Mons. Buenanueva: "El fuego de Jeremías"

  • 1 de septiembre, 2020
  • San Francisco (Córdoba) (AICA)
El obispo de San Francisco, monseñor Sergio Osvaldo Buenanueva, compartió sus reflexiones en el periódico "La Voz de San Justo". En esta oportunidad, se refirió al fuego del encuentro con Cristo.

Con el título “El fuego de Jeremías”, el obispo de San Francisco, monseñor Sergio Osvaldo Buenanueva, compartió una vez más sus reflexiones sobre el Evangelio en el periódico “La Voz de San Justo”.

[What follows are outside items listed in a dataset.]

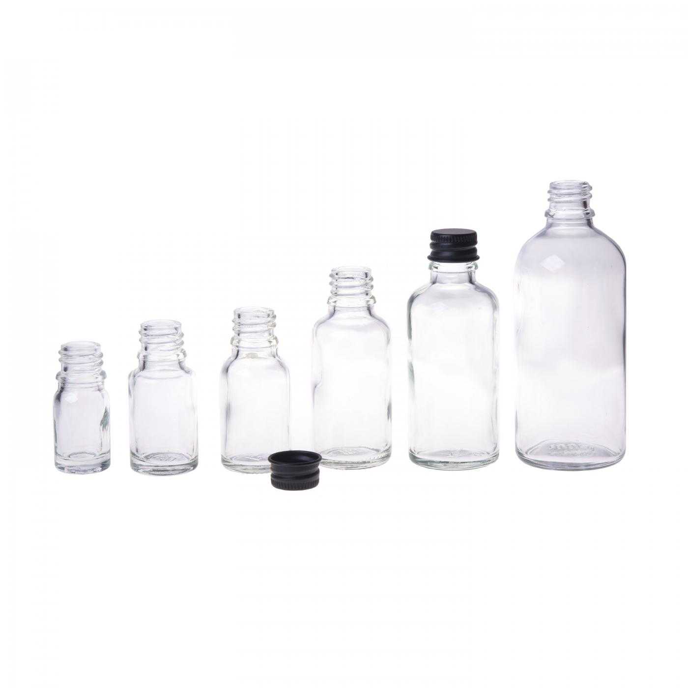 Átlátszó üvegpalack, fekete alumínium kupak, 50 ml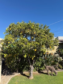 Step into the peaceful backyard adorned with an orange tree and a patio featuring outdoor dining for six, equipped with a BBQ grill that’s perfect for al fresco meals. Modern comforts include year-round air conditioning, high-speed WiFi, and a stacked washer/dryer. One dog is welcome with approval and fee, and there's a compact parking space in the garage. Don't miss out on creating lasting memories in this enchanting vacation retreat!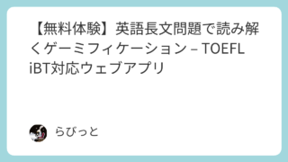試験対策-長文ウェブアプリ 【無料体験】英語長文問題で読み解くゲーミフィケーション – TOEFL iBT対応ウェブアプリ TOEFL iBTのリーディングセクションで心理学や人文系の専門用語に苦労していませんか?英検の長文対策を後回しにしていませんか?本記事では、実際の学術論文レベルの英語長文を使った無料練習アプリを提供します。段階的な学習で、複雑なゲーミフィケーションの概念を英語で理解できるようになります。 2025.12.06 試験対策-長文ウェブアプリ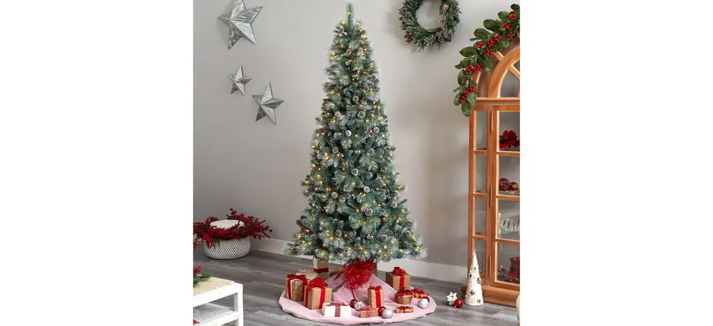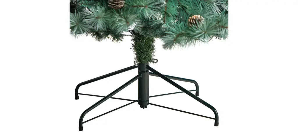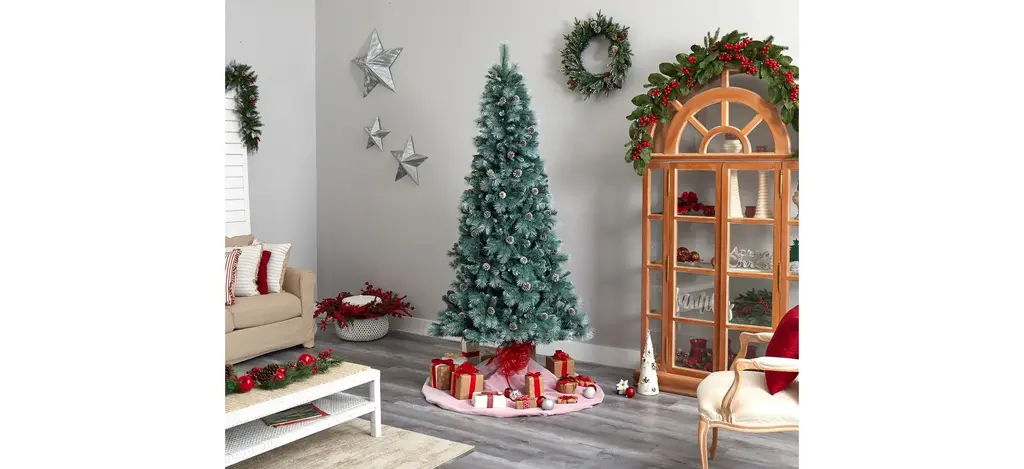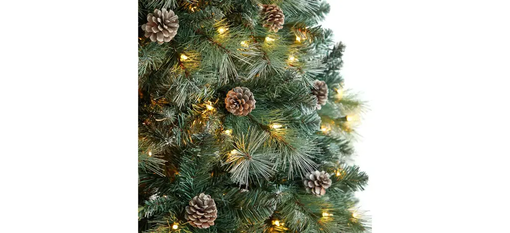 Bring the Canadian forest's rustic charm with the help of the 8' Frosted Tip British Columbia Mountain Pine Artificial Tree . A nod to nature, this realistic lifelike tree is accented with faux pinecones throughout and has the appearance of fresh, soft snow on the tips.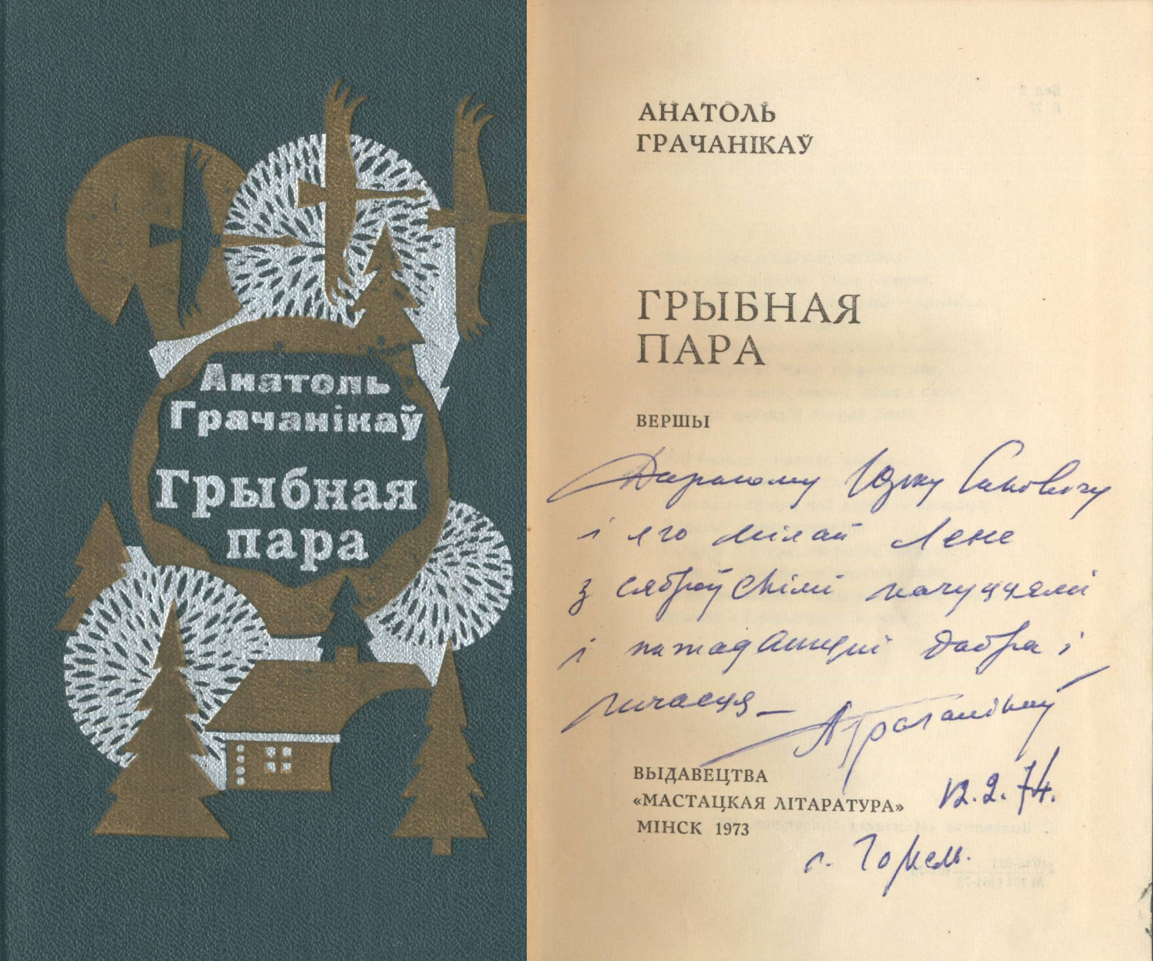 «Дарагому Юрку Саковічу і яго мілай Лене з сброўскімі пачуццямі і пажаданнямі дабра і шчасця А.Грачанікаў 12.2.74 г. Гомель»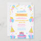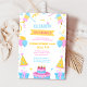 the design shows a birthday invitation for kids in yellow, sky blue and pink in the middle and lots of balloons, birthday caps,birthday gifts etc around it. this design is extremely colourful and cute and will be ideal for any kids.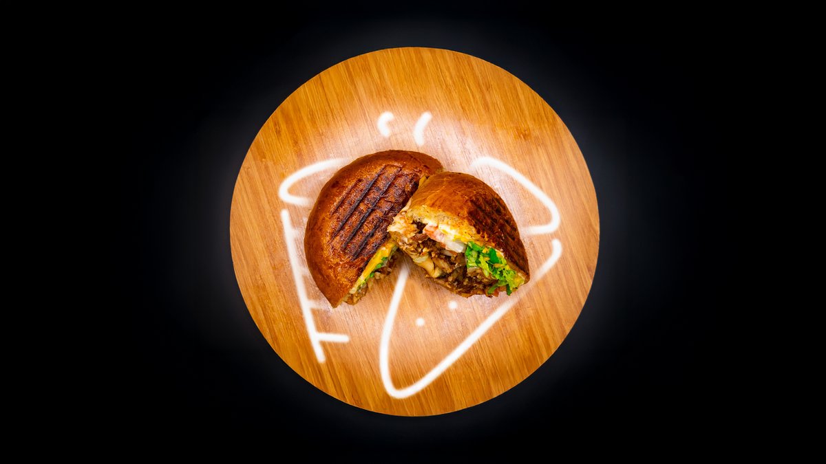 ბურგერი პური, კეტჩუპი მაიონეზი სალათაა ხახვი პომოიდოპრი ჰალაპენიო მჟავე კიტრი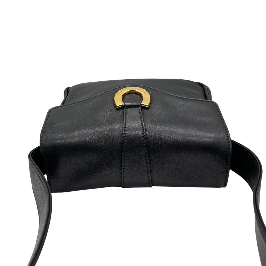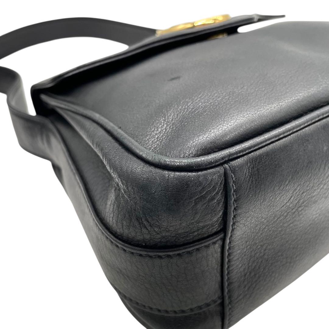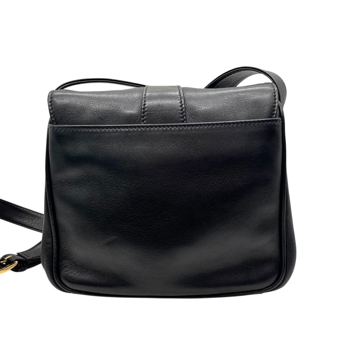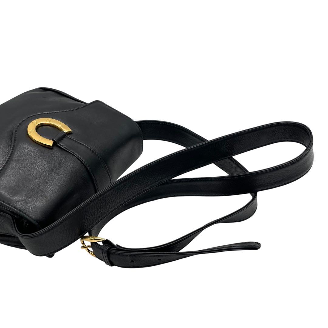 グッチ ショルダーバッグ ブラック ホースシュー ヴィンテージ 斜め掛け クロスボディー D2 フラップ ゴールド金具 刻印 コンパクト オールドグッチ GUCCI レザー レディース バッグ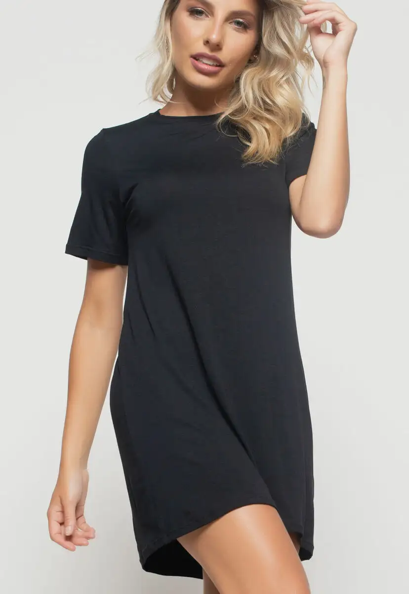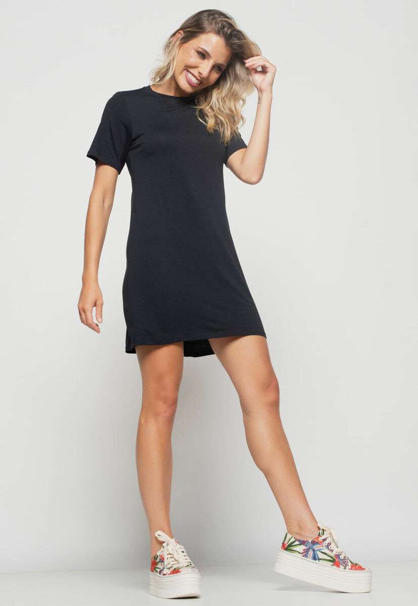 Vestido Curto Gola Redonda Preto Salvatore Fashion
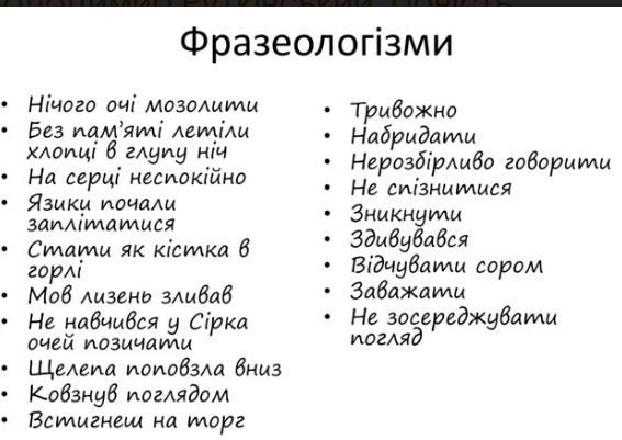 Випишіть у зошит фразеологізми разом із їх значеннями.

Entonces Jesús dijo a sus discípulos: "El que quiera venir detrás de mí, que renuncie a sí mismo, que cargue con su cruz y me siga. Porque el que quiera salvar su vida, la perderá; y el que pierda su vida a causa de mí, la encontrará. ¿De qué le servirá al hombre ganar el mundo entero si pierde su vida? ¿Y qué podrá dar el hombre a cambio de su vida?", recordó el prelado.

“Ya no habla en parábolas. Ahora Jesús es directo, preciso y concreto. Tanto en lo que a él se refiere -ser condenado a muerte y resucitar al tercer día-, como lo que supone para los que quieran seguirlo. Todo ello simbolizado en la cruz. Intimidante. Y, sin embargo…”.

“A lo largo de la historia, incluido el presente y el futuro, hombres y mujeres de otra condición se han sentido irresistiblemente atraídos por esa propuesta de vida. Han sentido dentro de sí, aquel "fuego abrasador" del que nos habla este domingo Jeremías: «Me esforzaba por contenerlo, pero no podía»”.

Al respecto monseñor Buenanueva dijo: “Eso es lo que da el encuentro con Cristo: pide todo y da todo. Hay que animarse a perderlo todo, para ganarlo todo. Ese fuego, esa decisión y esa intensidad de amor es lo que vemos en la mujer santa que hoy recordamos: Rosa de Lima. Una mirada frívola y superficial sólo ve en ella negación. Quien se anima a ir un poco más adentro, ve en esa joven un corazón sensato, enamorado y compasivo. Es verdad, nos grita la vida de Rosa (y la de tantos otros): el que pierde su vida a causa de Jesús, la gana, la multiplica, le da una belleza inigualable. De ahí ese nombre -Rosa- que, en realidad, es un apodo que acierta más que su nombre de pila: Isabel Flores de Oliva”.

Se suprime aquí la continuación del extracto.